- _THE INPUT_:
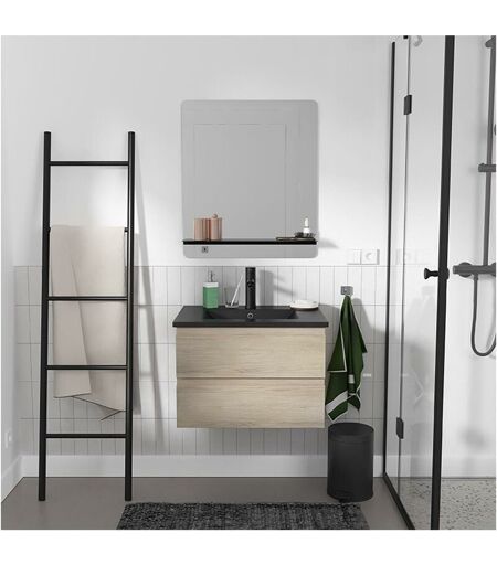 MOB-IN Ensemble meuble simple vasque 60cm décor chêne + vasque noire + robinet + miroir
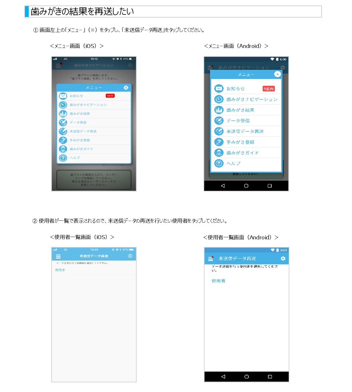 歯ブラシに蓄積された歯みがきデータをスマートフォンに移動したい
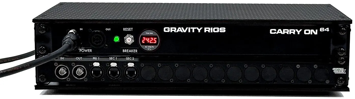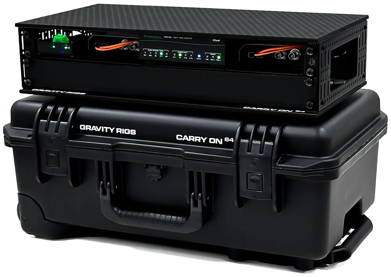 После выпуска версии на 24 канала, компания Gravity Rigs представляет профессиональную систему для гастролей, обеспечивающую 64 канала и расширяющую серию Carry On.
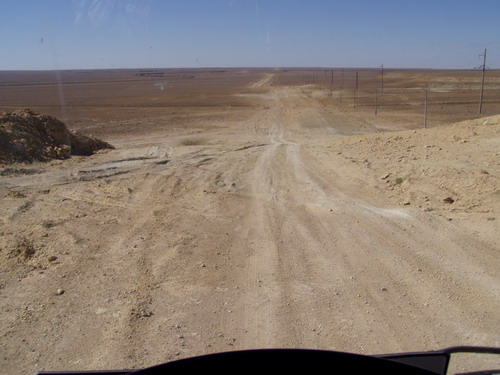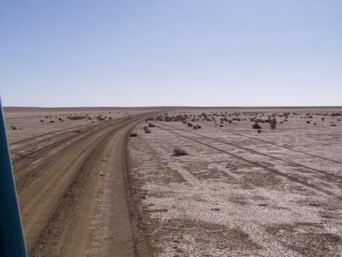 So in der Landkarte eingezeichnet, ( von XXX – XXX )grobe Schotterpiste, welch Wunder nach 5 km tolle Teerstraße, nagelneu, eine Baumaschine steht quer zur Straße, was soll den das? Wir kurven drum rum OK, nach 5 Km einer mit einem Fotoapparat und macht Foto von uns. Ohhh! Wir scheinen durch eine Baustelle zu fahren. 2 Km weiter wieder Schotterwellblech, durch eine Müllhalde durch, danach Sandwellblech. Bis zu dieser Kleinen Station an der Bahn sind wir gekommen, danach riesiges Sandfeld, kein Durchkommen mehr möglich, zumindest keine Fahrspuren erkennbar. |
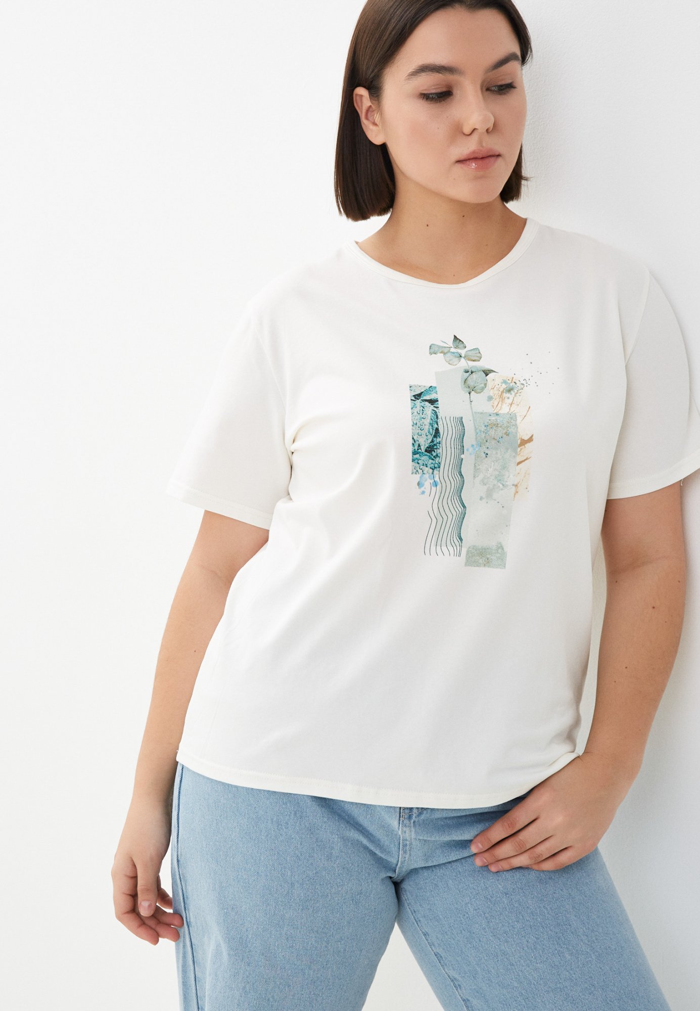 Женская футболка SIZE+ из премиального турецкого трикотажного полотна. Модель прямого кроя с круглым вырезом ворота и коротким рукавом. На полочке изделия красивый незабываемый женственный принт. Женская футболка- это базовая вещь в гардеробе любой современной девушки и женщины, является одной из самых удобных, популярных и незаменимых моделей одежды круглый год, сделает образ изысканным и современным. Наши невероятно удобные футболки отлично сочетаются с шортами, джинсами и различной длины юбками. Свободный крой и элегантная форма рукавов не только придают изделию стильный и модный вид, но и гарантируют его обладательнице комфорт даже в самые жаркие дни. Гладить с изнанки. Стирка при t не более 30С. Деликатный отжим, отбеливание запрещено.
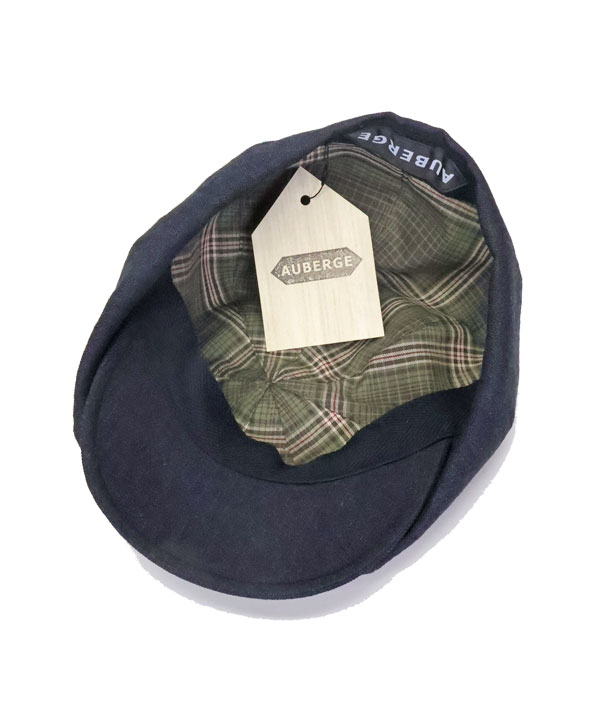 GASTONAUBERGE定番キャスケットのGASTON。あまり横に張りすぎないのですっきりしたサイズで着用いただけます。今回はウールスーパー140'sとヘンプで織り上げたカバートクロスを使用しております。ぜひお試しください。カラー:ネイビー
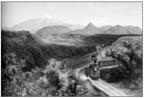 Esse quadro, do pintor mexicano José Maria Velasco, pode ser visto como um dos símbolos da modernização da economia da América espanhola no último quartel do século XIX. Sobre tal tema, responda:
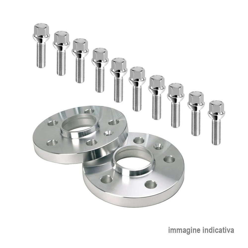 Coppia distanziali da 20mm cad. con bulloni sferici. Caratteristiche: PCD 5x112 - Mozzo 66.5mm - Filetto M15x1.25.
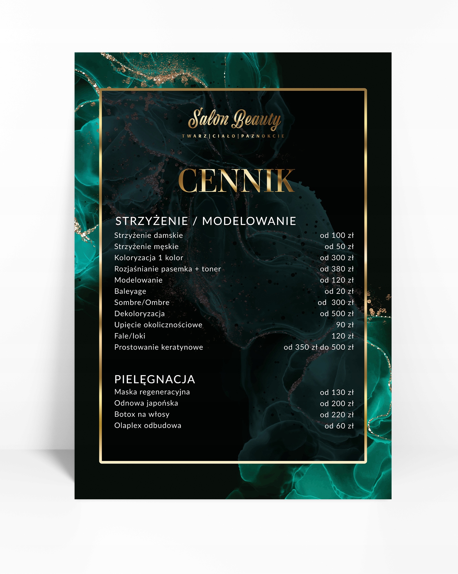 Cennik usług SALON BEAUTY FRYZJER marmur złoto PROJEKT + DRUK A4 C13
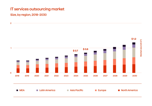2024-2030全球IT外包市场洞察:76%企业采用率推动万亿美元规模
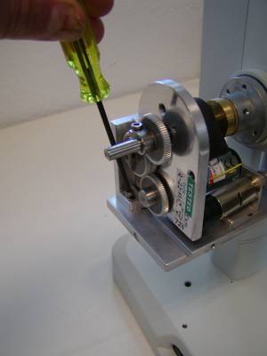 Use a cross blade screwdriver to loosen the three Philip head screws and remove the coarse focus knob as shown in figure 6
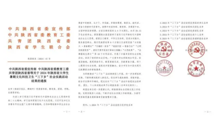 近日,中共陕西省委宣传部、中共陕西省委教育工委、共青团陕西省委、陕西省学生联合会联合印发文件,通报了2024年陕西省大学生暑假文化科技卫生“三下乡”社会实践活动结果,星空·官方站网页版凭借卓越的组织能力荣获多项省级荣誉。
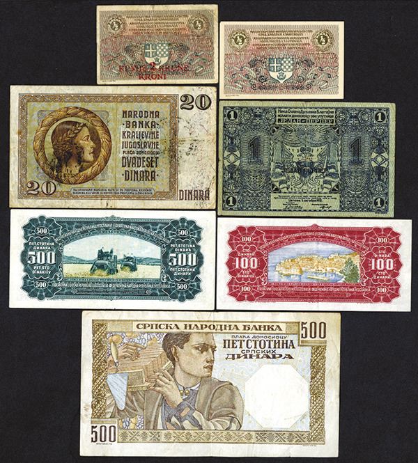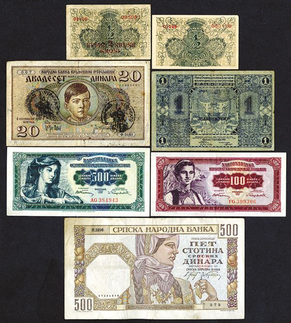 Montenegro. 1 Perper. P-1a, Italian Occupation. 20 Dinara. P-R11 with two hand stamps. ; Serbia. 500 Dinara. P-27b; Yugoslavia. 1/2 Dinara, 2 Kroni. P-11; 14.100, 500 Dinara. 1955. P-69, 70. Mostly Fine or so. 7 pieces.
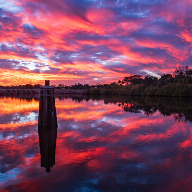 Fire in the Sky - Sunset over St Lucie Lock and Dam Southwest Locks Road, Martin County, Florida, United States Taken on 2026-01-02 17:48:57 with Fuji 16-55mm F2.8 on Fuji X-H2 with exposure 1/13s @ f/8 @ 16mm @ 400 ISO Photo location: https://www.openstreetmap.org/#map=17/27.1135441183333/-80.2824408716667 St Lucie Locks and Dam are the first stop on the St Lucie River on the way to Lake Okeechobee. Critiques welcome. Thanks for taking the time to look at my photo. #Photography #AmateurPhotography #MyPhoto #Clouds #LandscapePhotography #Sunset #Weather #Winter #FujiFilm #FujiXSeries #FujiPhotography #PhotoCritique
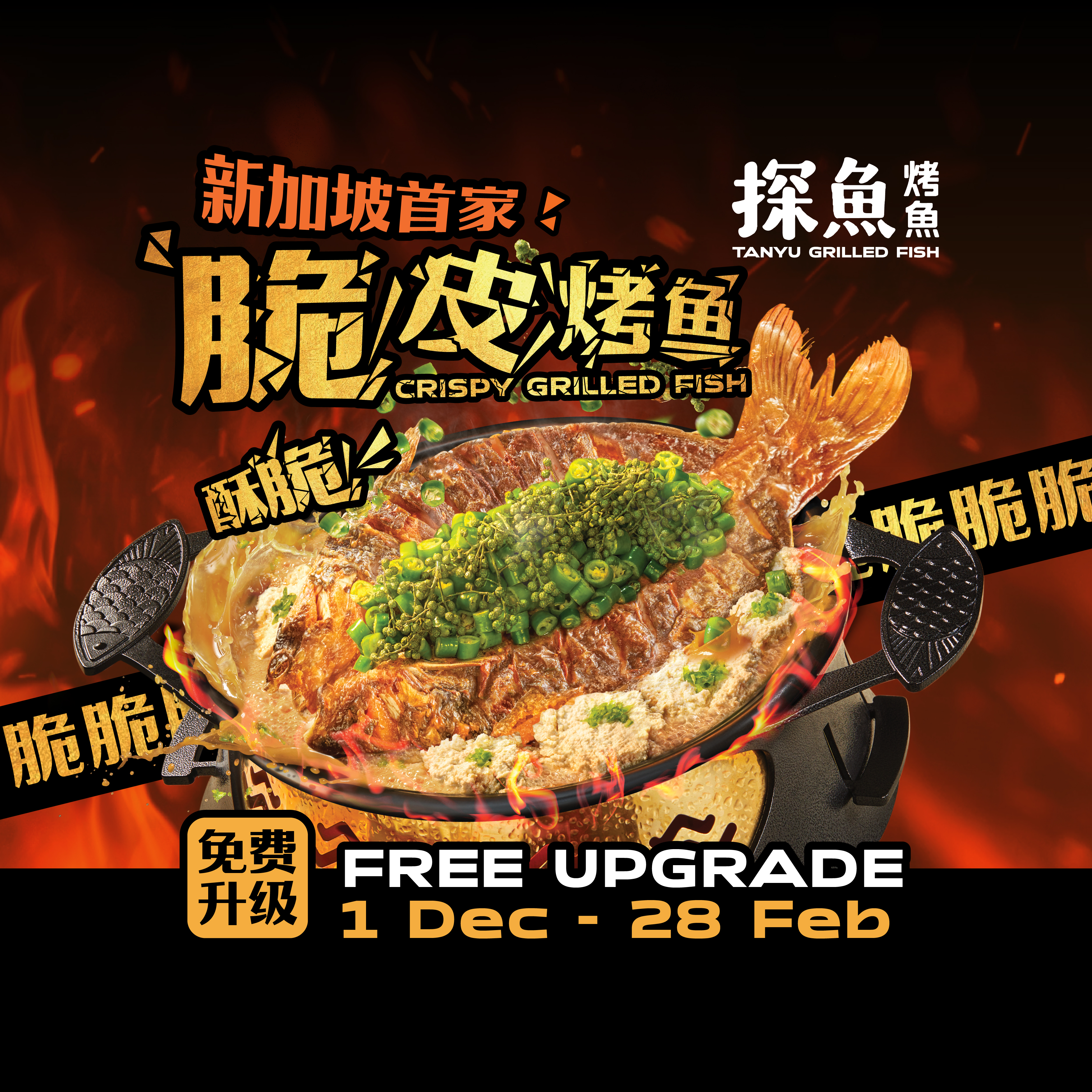 • Customers can enjoy a free upgrade (U.P $3.90) of any Grilled Limbo/Qingjiang fish to the new Crispy Grilled Fish only from 1 December 2024 - 28 February 2025.

- _EXERCISE PROMPT_: Where pictures occur in the material above, omit them and return everything else exactly.

- _EXERCISE RESULT_:
 MOB-IN Ensemble meuble simple vasque 60cm décor chêne + vasque noire + robinet + miroir
 歯ブラシに蓄積された歯みがきデータをスマートフォンに移動したい
 После выпуска версии на 24 канала, компания Gravity Rigs представляет профессиональную систему для гастролей, обеспечивающую 64 канала и расширяющую серию Carry On.
 So in der Landkarte eingezeichnet, ( von XXX – XXX )grobe Schotterpiste, welch Wunder nach 5 km tolle Teerstraße, nagelneu, eine Baumaschine steht quer zur Straße, was soll den das? Wir kurven drum rum OK, nach 5 Km einer mit einem Fotoapparat und macht Foto von uns. Ohhh! Wir scheinen durch eine Baustelle zu fahren. 2 Km weiter wieder Schotterwellblech, durch eine Müllhalde durch, danach Sandwellblech. Bis zu dieser Kleinen Station an der Bahn sind wir gekommen, danach riesiges Sandfeld, kein Durchkommen mehr möglich, zumindest keine Fahrspuren erkennbar. |
 Женская футболка SIZE+ из премиального турецкого трикотажного полотна. Модель прямого кроя с круглым вырезом ворота и коротким рукавом. На полочке изделия красивый незабываемый женственный принт. Женская футболка- это базовая вещь в гардеробе любой современной девушки и женщины, является одной из самых удобных, популярных и незаменимых моделей одежды круглый год, сделает образ изысканным и современным. Наши невероятно удобные футболки отлично сочетаются с шортами, джинсами и различной длины юбками. Свободный крой и элегантная форма рукавов не только придают изделию стильный и модный вид, но и гарантируют его обладательнице комфорт даже в самые жаркие дни. Гладить с изнанки. Стирка при t не более 30С. Деликатный отжим, отбеливание запрещено.
 GASTONAUBERGE定番キャスケットのGASTON。あまり横に張りすぎないのですっきりしたサイズで着用いただけます。今回はウールスーパー140'sとヘンプで織り上げたカバートクロスを使用しております。ぜひお試しください。カラー:ネイビー
 Esse quadro, do pintor mexicano José Maria Velasco, pode ser visto como um dos símbolos da modernização da economia da América espanhola no último quartel do século XIX. Sobre tal tema, responda:
 Coppia distanziali da 20mm cad. con bulloni sferici. Caratteristiche: PCD 5x112 - Mozzo 66.5mm - Filetto M15x1.25.
 Cennik usług SALON BEAUTY FRYZJER marmur złoto PROJEKT + DRUK A4 C13
2024-2030全球IT外包市场洞察:76%企业采用率推动万亿美元规模
 Use a cross blade screwdriver to loosen the three Philip head screws and remove the coarse focus knob as shown in figure 6
 近日,中共陕西省委宣传部、中共陕西省委教育工委、共青团陕西省委、陕西省学生联合会联合印发文件,通报了2024年陕西省大学生暑假文化科技卫生“三下乡”社会实践活动结果,星空·官方站网页版凭借卓越的组织能力荣获多项省级荣誉。
 Montenegro. 1 Perper. P-1a, Italian Occupation. 20 Dinara. P-R11 with two hand stamps. ; Serbia. 500 Dinara. P-27b; Yugoslavia. 1/2 Dinara, 2 Kroni. P-11; 14.100, 500 Dinara. 1955. P-69, 70. Mostly Fine or so. 7 pieces.
 Fire in the Sky - Sunset over St Lucie Lock and Dam Southwest Locks Road, Martin County, Florida, United States Taken on 2026-01-02 17:48:57 with Fuji 16-55mm F2.8 on Fuji X-H2 with exposure 1/13s @ f/8 @ 16mm @ 400 ISO Photo location: https://www.openstreetmap.org/#map=17/27.1135441183333/-80.2824408716667 St Lucie Locks and Dam are the first stop on the St Lucie River on the way to Lake Okeechobee. Critiques welcome. Thanks for taking the time to look at my photo. #Photography #AmateurPhotography #MyPhoto #Clouds #LandscapePhotography #Sunset #Weather #Winter #FujiFilm #FujiXSeries #FujiPhotography #PhotoCritique
 • Customers can enjoy a free upgrade (U.P $3.90) of any Grilled Limbo/Qingjiang fish to the new Crispy Grilled Fish only from 1 December 2024 - 28 February 2025.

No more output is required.